AUGUSTA, Maine — In the Maine Legislature, some issues never are finally settled.
Take the law passed two years ago to ban single-use plastic bags, the kind that has been common at supermarkets and other retail checkout counters.
The Legislature passed a law two years ago to ban the use of those bags, in order to protect the environment and reduce roadside litter. That law was supposed to take effect in April 2020, but COVID had other ideas.
Now it's supposed to take effect in July, but several Republican lawmakers are leading an effort to have the law repealed, claiming reusable bags pose too many health hazatrds but also arguing the bag ban is too much government control.
The ban was originally delayed early in the pandemic by Governor Mills because of worries that reusable bags could become contaminated and carry the virus home or into stores. The Maine CDC said Monday that guidance later in the year from the U.S. CDC shows there was little risk from the bags.
“The U.S. CDC guidance…states that the risk of transmission from surfaces, including bags, is low," the Maine CDC told NEWS CENTER Maine.
But Sen. Stacey Guerin (R-Glenburn), who is sponsoring one of three bills to repeal the law, said there are legitimate health concerns, and the single-use bags should not go away.
“The pandemic made it evident the germ and virus transfer to individuals through reusable plastic bags is a problem, and will continue to be a problem…if you look at it (in terms of) convenience and safety I think what you come up with right now is the plastic bags are the best alternative we have,” said Guerin, who also said she opposed the law two years ago.
A number of Maine retailers supported banning single-use plastic bags at the time the law passed because there had been so many towns and cities passing local plastic bag bans that it became confusing. The Retail Association of Maine still supports it, and for the same reason, according to president Curtis Picard.

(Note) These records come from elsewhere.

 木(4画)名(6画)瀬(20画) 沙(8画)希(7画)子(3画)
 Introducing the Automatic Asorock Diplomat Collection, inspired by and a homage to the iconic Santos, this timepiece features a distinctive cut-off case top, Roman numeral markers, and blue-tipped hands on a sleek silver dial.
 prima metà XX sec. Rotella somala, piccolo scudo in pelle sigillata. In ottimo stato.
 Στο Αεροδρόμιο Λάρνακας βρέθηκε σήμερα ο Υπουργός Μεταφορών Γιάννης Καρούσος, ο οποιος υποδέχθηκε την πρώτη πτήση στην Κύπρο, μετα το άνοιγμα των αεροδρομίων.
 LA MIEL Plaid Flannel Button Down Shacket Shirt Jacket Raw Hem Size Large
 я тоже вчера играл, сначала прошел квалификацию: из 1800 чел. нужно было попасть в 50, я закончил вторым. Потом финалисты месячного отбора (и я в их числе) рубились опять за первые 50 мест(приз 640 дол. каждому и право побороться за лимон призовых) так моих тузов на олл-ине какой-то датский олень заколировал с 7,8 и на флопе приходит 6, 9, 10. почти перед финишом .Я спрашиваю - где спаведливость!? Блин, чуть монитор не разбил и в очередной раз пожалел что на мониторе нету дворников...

“And prior to the statewide law, there were a number of communities had some kind of plastic bag ordinance…and you even had communities that touch each other, from Bath to Brunswick to Topsham to Freeport, all having different local ordinances so we reached a point where a statewide consistent solution made sense.”

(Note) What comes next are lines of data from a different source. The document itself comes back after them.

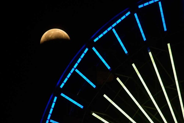 කැලිෆෝනියාවේ සැන්ටා මොනිකා හි ෆෙරිස් රෝදයක් පිටුපසින් චන්ද්රග්රහණය දිස්වන ආකාරය
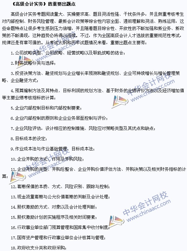 為了幫助參加2014年高級會計師考試的學員更好地備考,正保會計網校特為大家整理了高級會計師《高級會計實務》的重要出題點,幫助大家深入學習,提高備考效果,幫助廣大考生一起學習一起進步。下面,我們來看下高級會計師《高級會計實務》重要出題點,目的是把握2014年的學習方向,這一點對于準備參加2014年考試的考生非常重要。
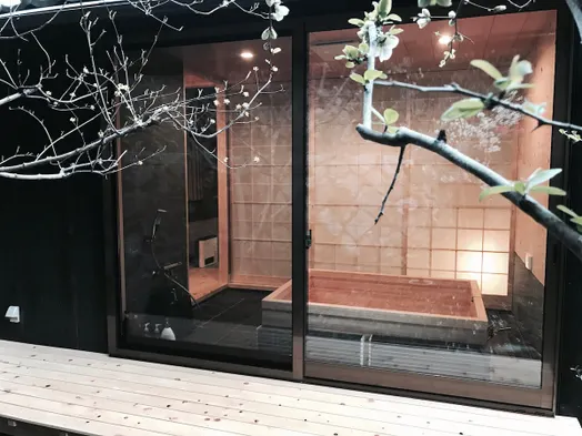 Artist's house in Kyoto with a big cypress bath
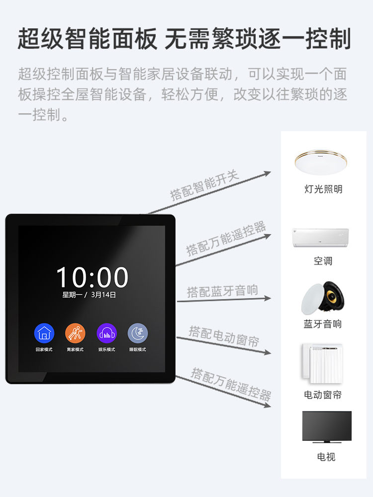 4 inch super panel (voice control version) 4 inch super panel + 2 Bluetooth speaker smart screens (situation + voice control + gateway)
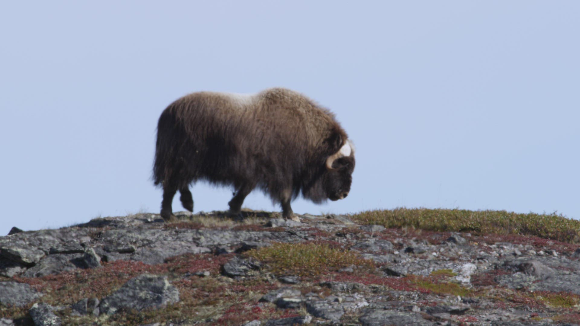 Muskox atop hill lies down
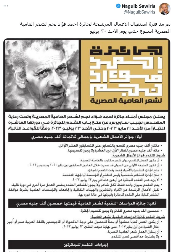 وعن جائزة أحمد فؤاد نجم، كتب المهندس نجيب ساويرس في تغريدة على تويتر "تم مد فترة استقبال الأعمال المرشحة لجائزة أحمد فؤاد نجم لشعر العامية المصرية أسبوع حتى يوم الأحد ٣٠ يوليو".

Environmental groups are still strongly supporting the bag ban, too.
And Sen. Guerin said for Republicans there is also a more philosophical issue involved in their challenges to the plastic bag law. She said dislike for government mandates is another factor.
“I think when government gets in the way of freedom we often come up with the wrong solution. And in this case, we came up with an idea that’s unhealthy and not environmentally sound,” said Guerin.
The Legislature’s Environment and Natural Resources Committee will decide if the plastic bag ban should remain.